Pete Townsend said the stereo mix of "I Can See For Miles" sounds like The Carpenters lol
Old 7th February 2019
  #851
Gear Guru
Stereo was a gimmick, and not taken seriously, early on. Hey listen to great "dual mono". (Somewhere Phil Spector is getting a chubby)..... Stereo to no purpose is just washy. To me mono is punch, stereo is atmosphere......
Old 7th February 2019
  #852
Lives for gear
One of the biggest problems with stereo is that one only gets good frequency response in a relatively small "sweet spot". Generally, for applications other than headphones or single-person, purposeful living-room listening, I prefer mono, or at least a multi-channel mix where sounds aren't shared between speakers.

There's some benefit to panning things hard right or hard left.
Old 8th February 2019
  #853
Quote:
Originally Posted by u87allen View Post
Yes, good players come through no matter what the equipment. But I believe we are arguing equipment here, how tape sounds compared to digital. That's equipment. And I was arguing that perhaps all the stuff that comes before the recording medium(mic placement, mixing chops, top quality equipment, good sounding room) may make a difference.

A cheap recording chain can certainly add "grain" to the sound and make it more fatiguing to listen to. Transients can be softened by proper selection of mic-pre, eq, comp, etc. It's not purely a frequency response thing IMO. A recording chain or playback chain can have extended high end and still not be fatiguing. Close micing stuff due to trying to minimize the sound of a bad room can make instruments sound more harsh, etc. All stuff that tends to be done more nowadays due to limited budgets and expertise.
For vocals I have only these before the recorder
1) Mic
2) Effects processor
3) Mixer
The weak link arguably is the mic. I bought a cheap mic, a capacitor upgrade kit for maybe $15 (I forgot how much) to make it sound like a the classic Neumann U87 circuit. I loved the clarity and of course now I'll enjoy designing effects in my VS-890 (all I use it for) and my 80s rack mixer only adds goodness (warmth with no noise) to it all. The VS890 has a coaxial digital output that I will feed into my DR16 so hopefully that will be good for things.

But I've learned, make no mistake that it all begins with the source. If you have a crappy synth or crappy voice it's reeally hard to make it sound good!!!! Lesson learned from my CS1x.
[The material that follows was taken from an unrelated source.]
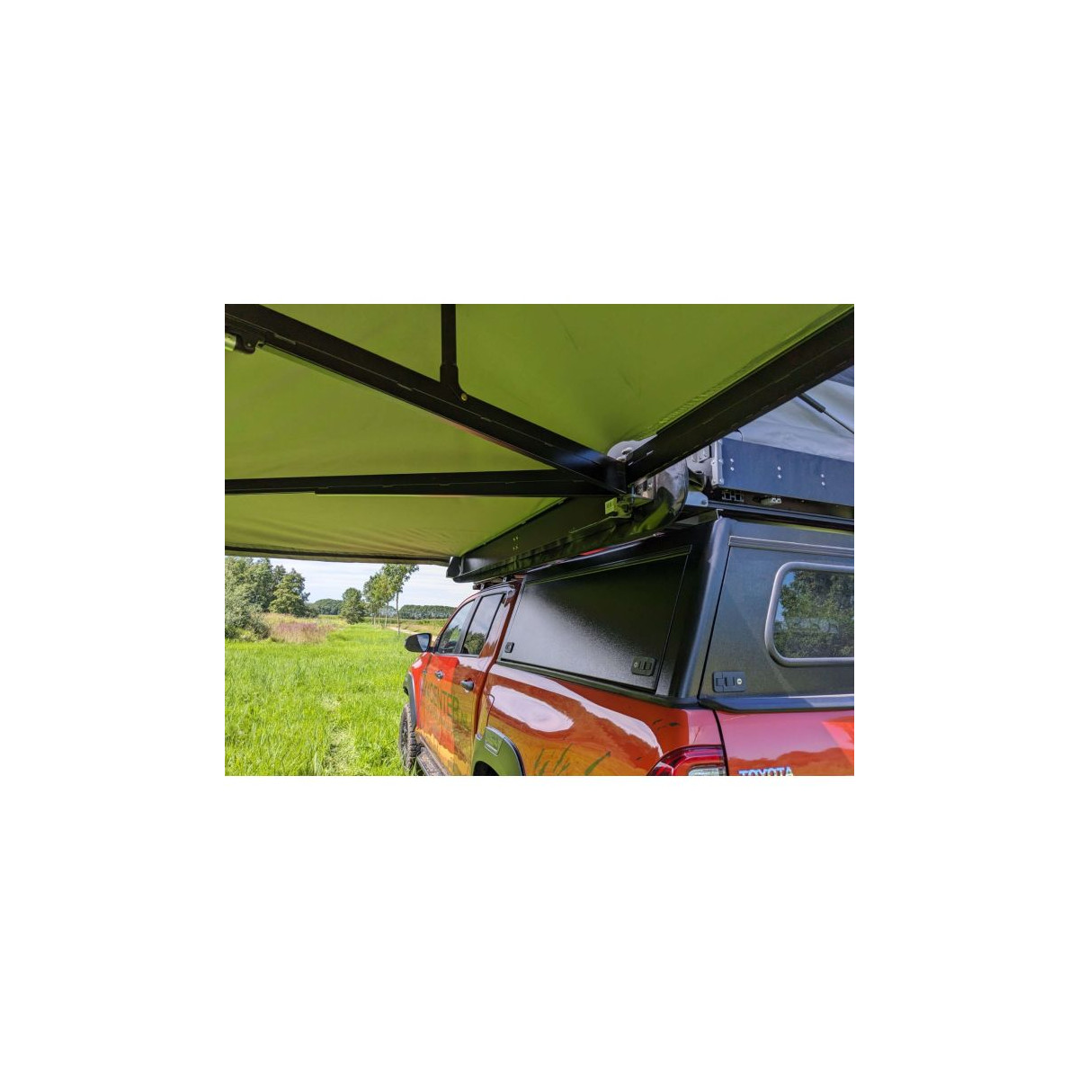 La toile de l’auvent est fabriquée en tissu TenCate de haute qualité avec une doublure argentée, qui réfléchit efficacement la chaleur et maintient un espace frais et ombragé, même sous un soleil intense. Son design sans pieds, combiné à sa robustesse, assure une stabilité optimale sans compromis sur la durabilité. Le Quick Pitch 180° est la solution idéale pour ceux qui recherchent un auvent compact, facile à installer et capable de résister aux conditions les plus difficiles.

But over the year I've coaxed pleasantness, amongst the cheap compressed sample sounds if you can find the 1 nugget of gold everything else can be crap and thats ok.

I'm really picky about what I hear recorded to the computer. In fact, my Audient ID22 was so so close to the real live sound but I could still hear a slight digitalness even so. There is a more expensive interface which costs 2x more but I'm not spending even more $ on an interface (and it's my 3rd one). Instead as a workaround I use the DR16 recorder to convert the audio signal to digital so I can send it digitally to the ID22. My ears are ok with that. Just sayin. What you hear is everything.